We observed a future increase in EKE in both the 0–100 m and 100–200 m depth layers, with the increase more pronounced in the upper layer (Extended Data Fig. 1a). Similarly, the mean EKE both in the surface mixed layer and above the halocline base depth exhibits an upward trend in a warming climate (Extended Data Fig. 1b). The increase in mean EKE is larger in the surface mixed layer, consistently showing that EKE increases more noticeably closer to the ocean surface. At the end of the twenty-first century, the Arctic surface EKE is expected to increase by approximately 15 times the standard deviation (σ) of the historical surface EKE in both the eddy-present and eddy-rich simulations (Fig. 2b).

Eddy generation

In the present-day climate, EKE in the upper 200 m is higher in the Fram Strait, in the vicinity of the Eurasian continental slope, along the Lomonosov Ridge and in the southern Beaufort Sea and Barents Sea than in other Arctic regions (Fig. 3a). These well-known eddying regions are characterized by topographically steered currents of Atlantic and Pacific waters^30,43, where high conversion rates from eddy available potential energy to EKE (T_BC) are found (Fig. 3b). Our projections indicate that the regions with relatively high EKE in the current climate will experience the most pronounced increases in EKE (Fig. 3a,c). Consistent with the increases in EKE, T_BC will increase most strongly in these regions (Fig. 3b,d and Extended Data Fig. 2a,b). In regions with relatively low eddy activity in the current climate, such as the Lincoln Sea, EKE and T_BC are not projected to strongly increase.

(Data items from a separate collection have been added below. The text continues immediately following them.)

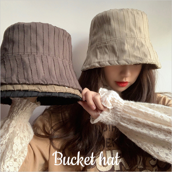 シンプルすぎない、ライン使いがおしゃれなバケットハットです。
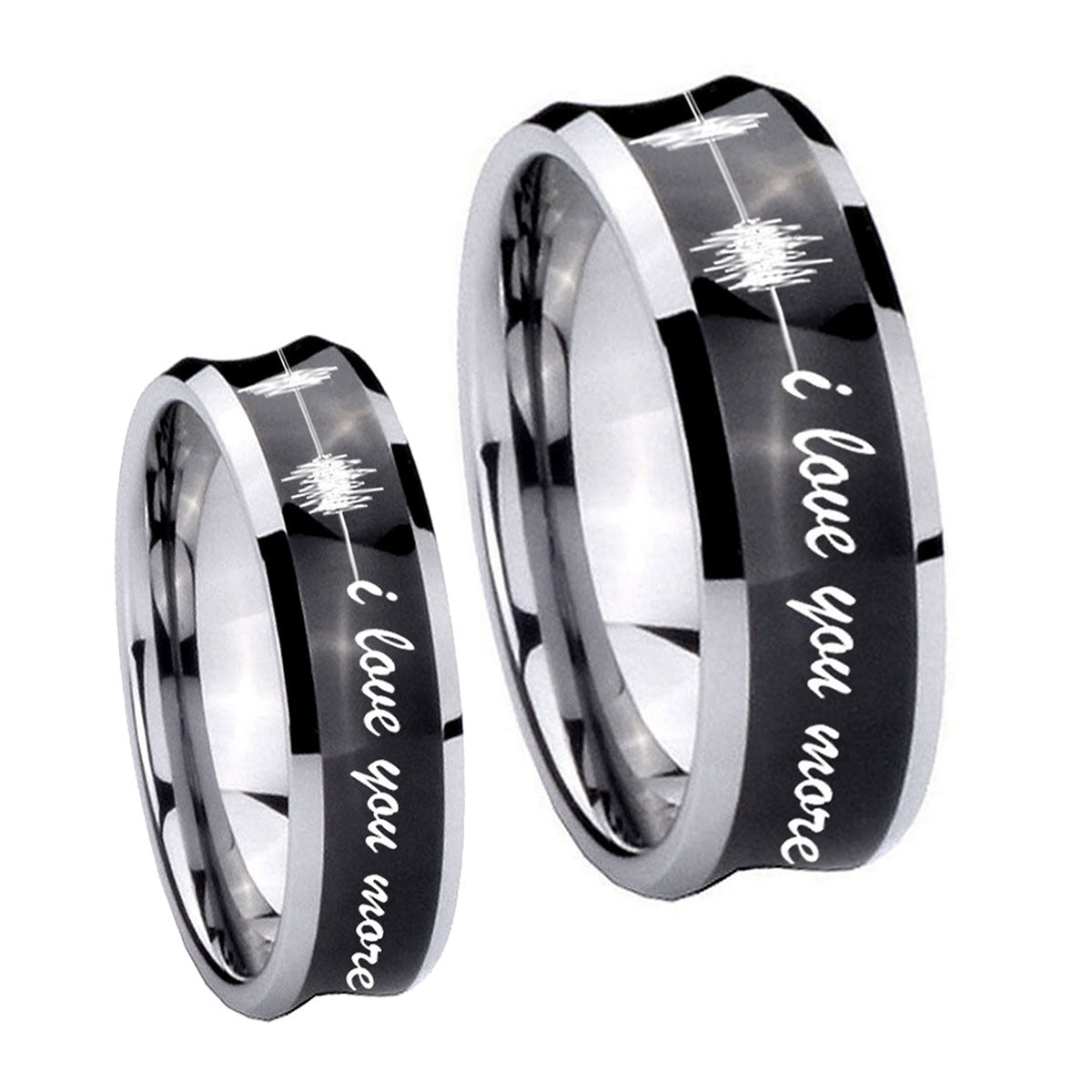 His Hers Sound Wave, I love you more Concave Black Tungsten Mens Ring Set
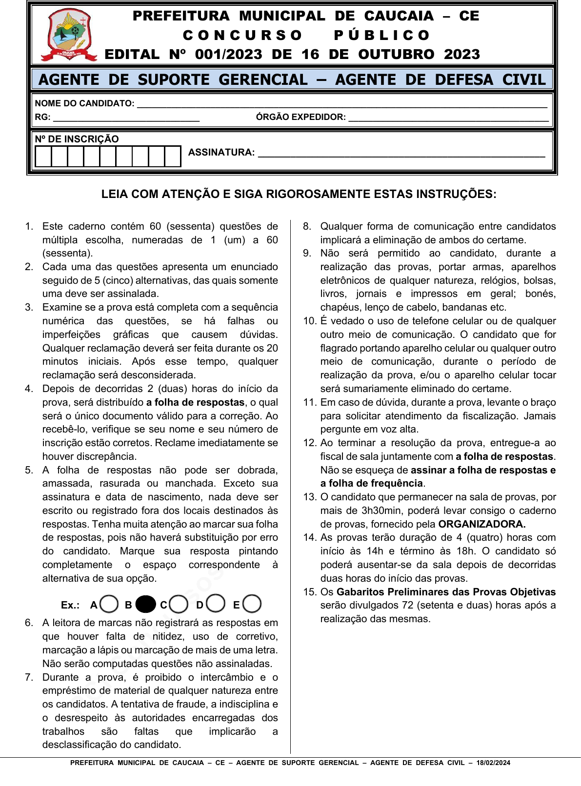 PREFEITURA MUNICIPAL DE CAUCAIA – CE – AGENTE DE SUPORTE GERENCIAL – AGENTE DE DEFESA CIVIL – 18/02/2024
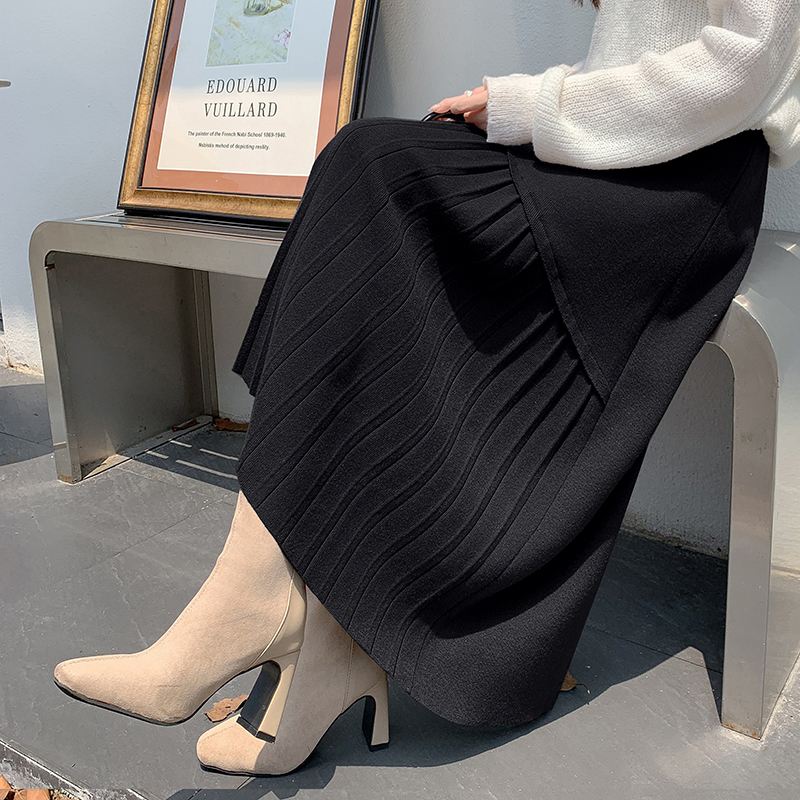 实拍黑色针织半身裙女秋冬韩版高腰A字裙中长款修身不规则百褶裙
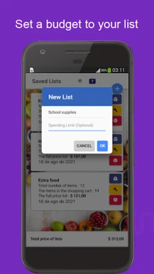 * Click on the plus sign to create a new list. * Enter the items to buy in the yellow text box. * Tap to cross off the item when done.
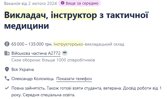 В частности, в одной из вакансий отмечается, что требуется преподаватель-инструктор для работы в компании "Военная часть А2772". Которому нужно будет проводить подготовку и обучать военнослужащих сил специальных операций. Заработную плату обещают от 65 тысяч до 135 тысяч гривен.
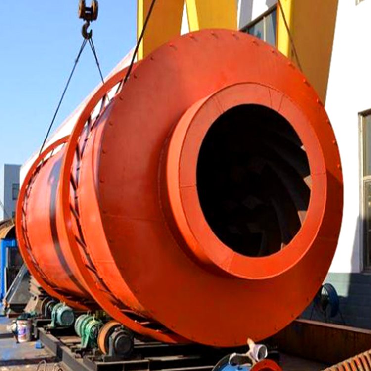 烘干機筒體部分由三個同軸水平放置的內中、外筒套疊組成,這就使筒體的截面得到充分地利用,其筒體外形總長度約為與之相當的單筒的30-35%。從而大幅度的減少占地面積和廠房建筑面積。
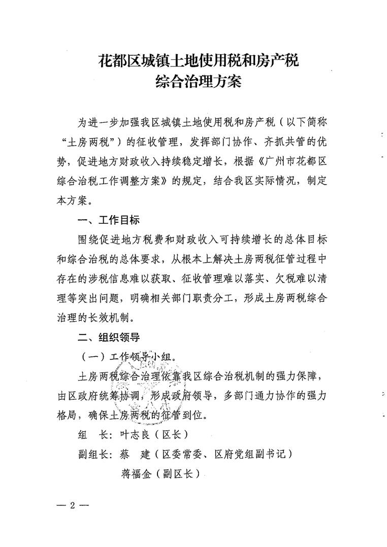 廣州市花都區(qū)人民政府辦公室關(guān)于印發(fā)花都區(qū)城鎮(zhèn)土地使用稅和房產(chǎn)稅綜合治理方案的通知【花府辦〔2017〕32號】(已失效)
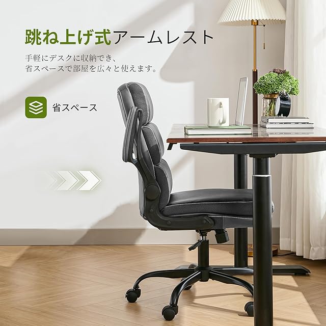 【跳ね上げ式アームレスト&消音キャスター】跳ね上げ式アームレストは90度回転可能です。使わないときはアームレストを折りたたんで机の下に収納でき、省スペースで部屋を広々と活用できます。また、ナイロン樹脂製のキャスターは、木製フローリング、タイル、カーペットなど、あらゆる床材に対応しています。床を傷つける心配がなく、長期間美しい状態を保てます。さらに、キャスターは静音設計でスムーズに移動でき、オフィスや自宅でも周囲を気にせず快適に使用できます。
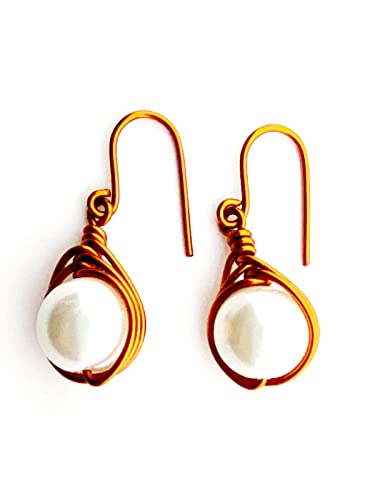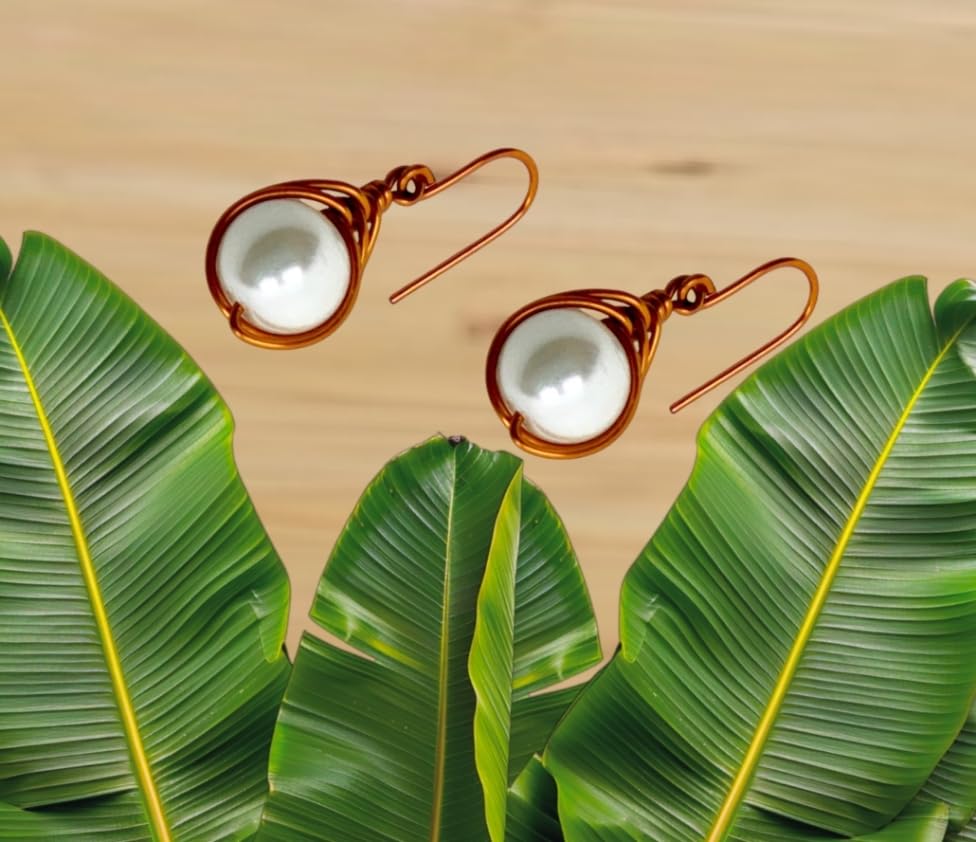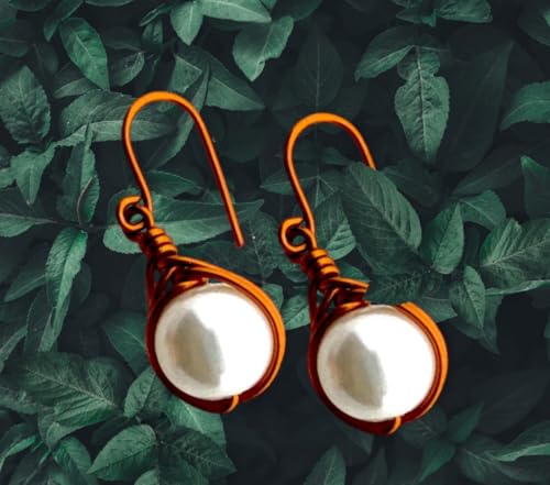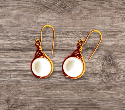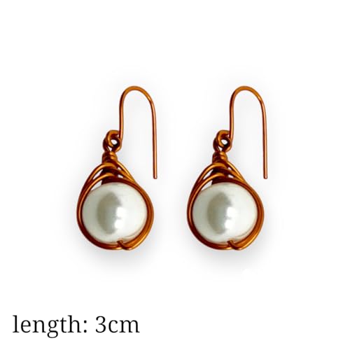 (JC) jimmycom - جيه سي اقراط متدلية قصيرة من النحاس والاحجار للنساء فريدة نوعها اكسسوارات نحاسية مطلية لؤلؤ ابيض جاي جيميكوم
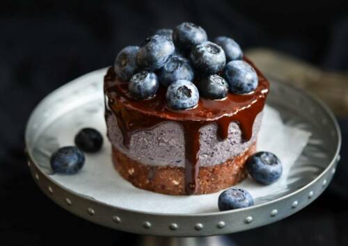 Anbei entzückend-kleine Torten, die nicht nur weizenfrei sondern auch vegan und rohköstlich sind: Rohe Törtchen mit Heidelbeeren.
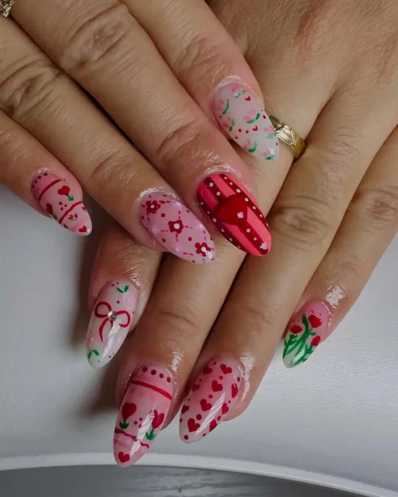 This detailed set mixes hearts, florals, stripes, and bow designs across a soft pink base. Each nail tells a different story, but the color palette keeps it cohesive. These Valentine nails are perfect if you love detailed nail art and want something custom-looking. Best for longer nails where the designs can really shine.
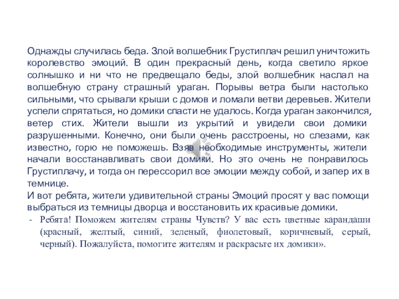 что не предвещало беды, злой волшебник наслал на волшебную страну страшный ураган. Порывы ветра были настолько сильными, что срывали крыши с домов и ломали ветви деревьев. Жители успели спря­таться, но домики спасти не удалось. Когда ураган закончился, ветер стих. Жители вышли из укрытий и увидели свои домики разрушенными. Конечно, они были очень расстроены, но слезами, как известно, горю не помо­жешь. Взяв необходимые инструменты, жители начали восстанавливать свои домики. Но это очень не понравилось Грустиплачу, и тогда он перессорил все эмоции между собой, и запер их в темнице.
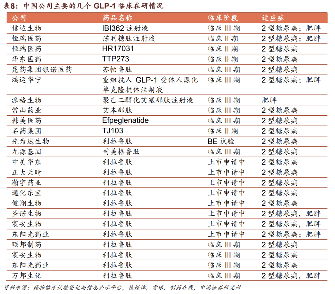 其中,第一代GLP-1,利拉鲁肽国内专利已经过期,仿制门槛最低,正大天晴、翰宇医药、通化东宝等20家企业均已提交生物类似药的上市申请。
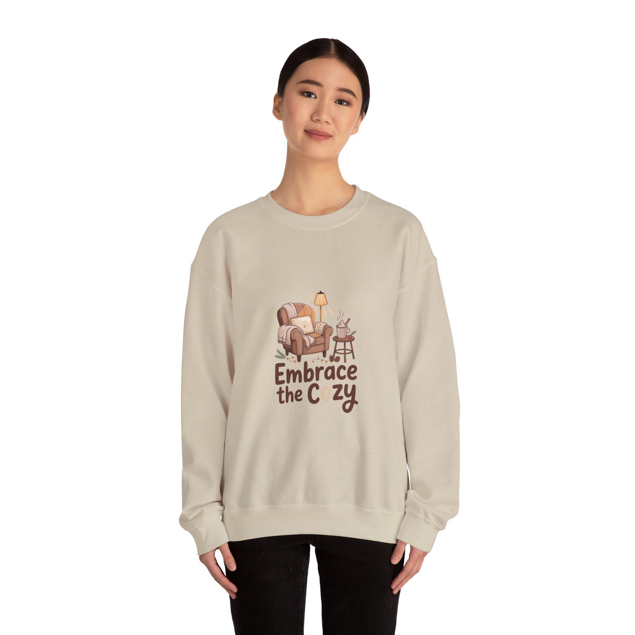 Wrap yourself in quiet comfort. This mid-weight crewneck features a soft, pill-resistant blend and a gentle, hand-drawn illustration that invites you to slow down: a plush armchair, a glowing lamp, and a steaming mug with the words “Embrace the Cozy.” It sits cleanly on the chest and reads like a tiny, wearable living room—easy to pair with jeans or lounge pants and built to last with reinforced stitching and a smooth tear-away label. Thoughtful production choices (OEKO-TEX dyes, ethically grown cotton) mean the sweatshirt feels good to wear and to support. Reach for it on chilly mornings, low-key evenings, or whenever you want to bring a little homey warmth into your day.

Fig. 3: Increase in EKE and baroclinicity in a warming world in eddy-rich simulations.

a–d, EKE (left) and T_BC (right) integrated over the upper 200 m. The values for 2012–2015 are shown in a,b; those for 2092–2095 are shown in c,d.

T_BC is projected to increase the most noticeably in the upper ocean (Extended Data Fig. 3). In a warmer world, the isopycnal slope in the upper 50 m of the northern Eurasian Basin will steepen due to the upper Arctic Ocean freshening in a warming climate (Extended Data Fig. 4a–g), which can be partly attributed to sea ice meltwater and increased precipitation and river runoff^44,45,46. In the latitude band of the Atlantic Water boundary current, where the increases in T_BC and EKE are more pronounced, the isopycnal slope in the upper ocean is flatter during 2092–2095 (Extended Data Fig. 4a–g). This suggests that a future decrease in sea ice friction at the ocean surface can enhance eddy growth and the conversion of potential energy to EKE. This effect of sea ice decline has been previously demonstrated through linear instability analysis under varying ocean surface friction conditions²⁶. Similar impacts of sea ice decline on eddy growth are also expected for the western Arctic.

The simulated increase in T_BC in the Canada Basin is consistent with the increase in available potential energy due to the inflation of the Beaufort Gyre with low-salinity water (Extended Data Fig. 4h–n). The increase in freshwater storage in the Beaufort Gyre in a warming climate can be attributed to both the strengthening of the hydrological cycle and the modulation of surface ocean circulation by sea ice decline⁴⁷.

Eddy killing

Ocean surface friction due to winds and sea ice can considerably dampen eddies and remove energy from the ocean on spatial scales where eddies are found—a phenomenon called eddy killing^26,48,49,50. This raises the question how the decline of Arctic sea ice will contribute to changes in EKE. To address this question, we evaluated the power input \({\mathrm{EP}}_{\ell }^{{\mathrm{Cg}}}\) (defined in equation (4) in Methods) that is associated with ocean surface stress induced by wind and sea ice. The kinetic energy spectrum for the surface ocean shows a peak at about 50 km for both the 2012–2015 and 2092–2095 periods (Fig. 2c). Also considering that Arctic surface eddies have a mean diameter of about 10 km (ref. ⁵¹), we take 50 km to approximate the upper bound of eddy scales. The \({\mathrm{EP}}_{\ell }^{{\mathrm{Cg}}}\) values at ℓ = 50 km therefore represent eddy power induced by ocean surface stress.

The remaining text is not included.